> WHAT THE TASK REQUIRES:
All lines from the one containing "A very high" through the last line of the listing below are to be copied exactly. Exclude the pictures.

[INPUT DATA Boundary: Start]

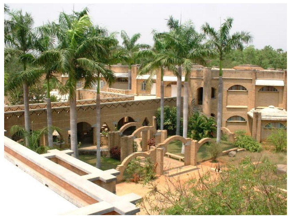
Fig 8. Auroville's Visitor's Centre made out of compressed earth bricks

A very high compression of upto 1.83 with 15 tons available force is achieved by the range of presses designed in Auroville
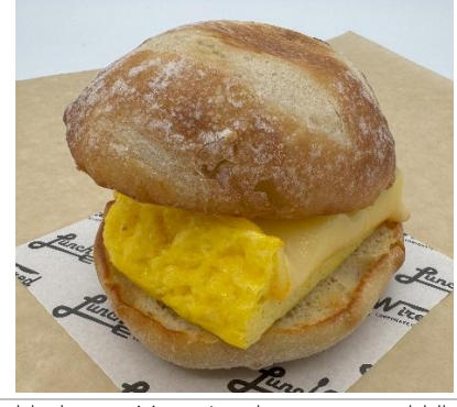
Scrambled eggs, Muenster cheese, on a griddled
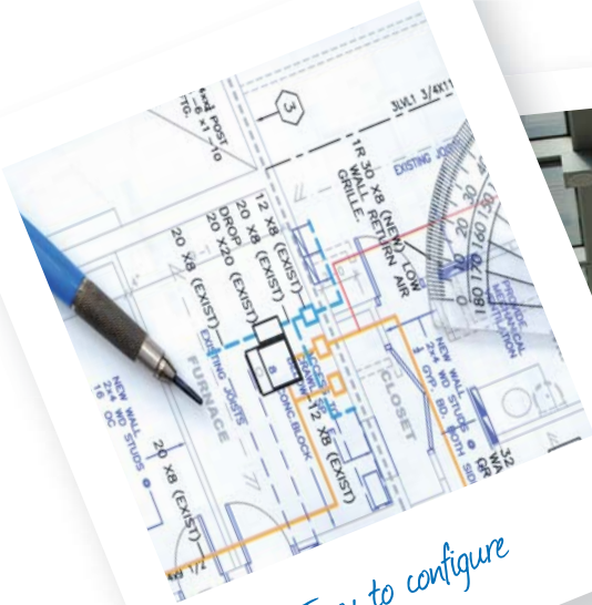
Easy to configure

[INPUT DATA Boundary: End]

> COMPLETED EXERCISE:
A very high compression of upto 1.83 with 15 tons available force is achieved by the range of presses designed in Auroville
Scrambled eggs, Muenster cheese, on a griddled
Easy to configure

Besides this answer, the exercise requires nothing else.